2013年10 月29日 (火)
核のLamin Aが細胞外環境変化による細胞分化に重要な役割核のLamin Aが細胞外環境変化による細胞分化に重要な役割
Science 2013年8月号より。組織の硬さには細胞外からのメカニカルストレスが重要であることは知られていた。たとえば、Mechanostatによって組織の硬化や成長が促進されるという。本研究では、細胞外マトリックスの硬さが、LaminAのリン酸化状態を変化させ、LaminAの量の増減をコントロールし、その結果、核の硬さ(核膜の張力)、さらには細胞の硬さに影響するということを明らかにした。たとえば、硬いマトリックス(High stress)では、骨の分化が促進され、柔らかいマトリックス(Low stress)では、脂肪細胞の分化が促進されるという。細胞の足場となる細胞外マトリックスによる力学的制御が重要であり、この論文の面白さは、核内構造体であるLamin Aがマルチファンクショナルな分子であり、我々の各臓器の硬さぐあいを決定し、各臓器がメカニカルストレスに対応するために重要であることを明らかにしたことであろう。
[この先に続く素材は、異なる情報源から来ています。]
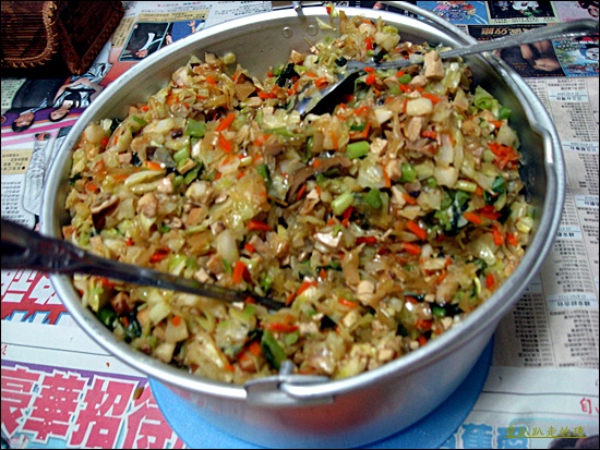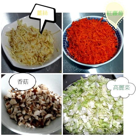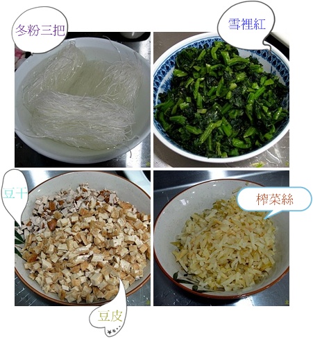 材料 冬粉 雪裡紅 豆皮 豆干 榨菜絲 薑絲 紅蘿蔔 香菇 高麗菜... 還有一個材料叫 芹菜 我忘了拍照 ...哈... 其實做水餃最麻煩的一件事就是要切菜.. 每樣菜都要切碎..因為我粗手粗腳的..所以 我的水餃料 都切的很粗.. 上面這些菜都是己經切好的了..大家有沒有看到那個高麗菜還很大一片.. 哈..沒關係拉 反正吃到肚子都嗎長的一樣...隨便拉..大家就委屈點看囉.. 現在開始要來炒菜了... 二.放入己切好的香菇 爆香 在這時 加點 香油 讓香菇的香味出來.. 三.放入薑絲 和 香菇 一起炒 四.放入已切好的 豆干 和 豆皮 抄勻 五.加入 醬油 及 胡椒粉 及 塩巴 把料炒香 六.加入紅蘿蔔 及 榨菜絲 炒勻 (這時要大火) 七.放入高麗菜 此時要在加入塩巴 然後一直攪拌 因為高麗菜在炒的過程中會出水 所以 此時要放入冬粉 還有雪裡紅 等到拌勻後 熄火 加入 芹菜 及香油 (試試看鹹度夠不夠,不夠在加入少許塩) 拌勻 (因為後半段忘了拍照..只能口述..大家將就點....) 食材:冬粉、豆干、豆皮、雪裡紅、高麗菜、榨菜、 步驟1: 冬粉泡水,再來就是切菜了,把全部的菜切成碎

細胞におけるLamin Aの含有の程度が細胞の硬さ(分化の方向性)を決める。Lamin Aのノックダウンにより脂肪分化が抑制される。Lamin Aの過剰発現は骨形成が促進される。Lamin AのノックダウンでSRF関連タンパク質やYAP1タンパク質の細胞質移行を促し、過剰発現は核移行を促進する。LaminAの発現制御にはレチノイン酸受容体の活性化により促進される。などなど、興味深い報告である。今日はプレゼン2回目のB3のMisato-chanのナイスプレゼンでした。次第に力を付けていっていますね。